### [Prompt]
Your task is to reproduce, verbatim and without pictures, the lines from the opening of the listing through the line containing "Germany vs New Zealand GDP by year".
[[ Input data, beginning ]]
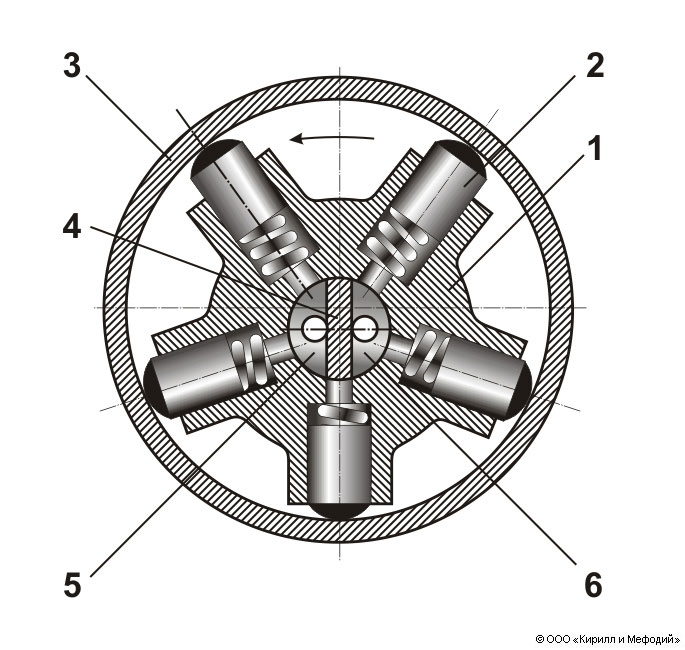 Схема радиально-поршневого роторного насоса: 1 — ротор; 2 — поршень; 3 — барабан (статор); 4 — цапфа; 5 — полость нагнетания; 6 — полость всасывания.
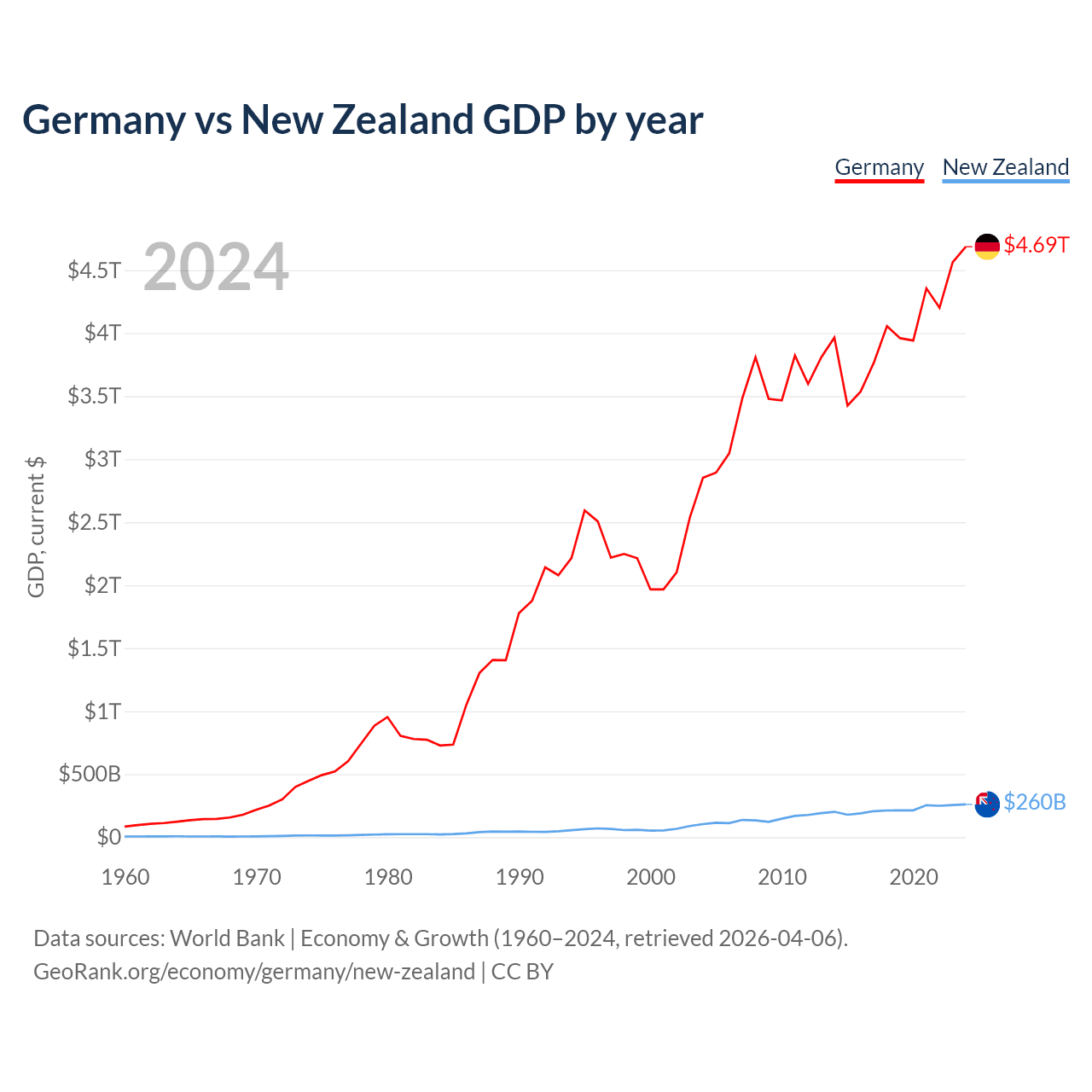 Germany vs New Zealand GDP by year
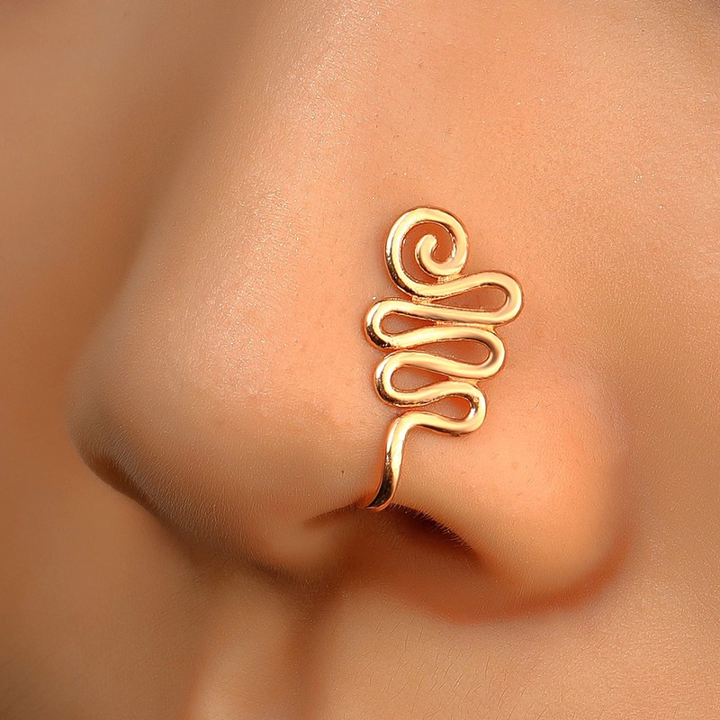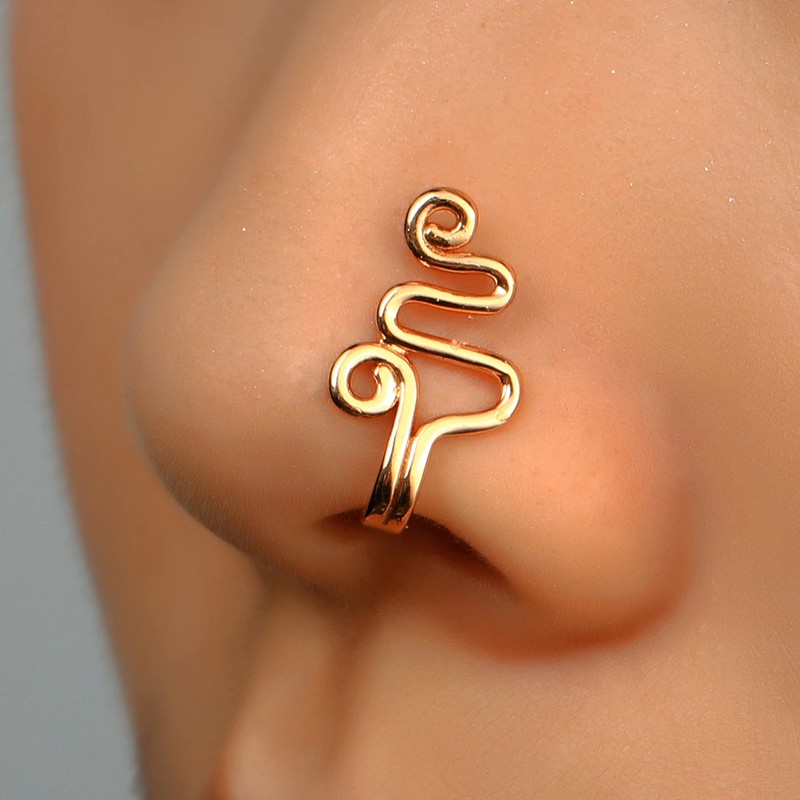 1 Adet Bakır Sahte Piercing Burun Halkası Kalp Yıldız Taç Klip Burun Kulak Klipsi Manşet Küpe Kadınlar Kız Hediye Göbek Takısı Nariz
[[ Input data, end ]]
### [Written answer]
 Схема радиально-поршневого роторного насоса: 1 — ротор; 2 — поршень; 3 — барабан (статор); 4 — цапфа; 5 — полость нагнетания; 6 — полость всасывания.
 Germany vs New Zealand GDP by year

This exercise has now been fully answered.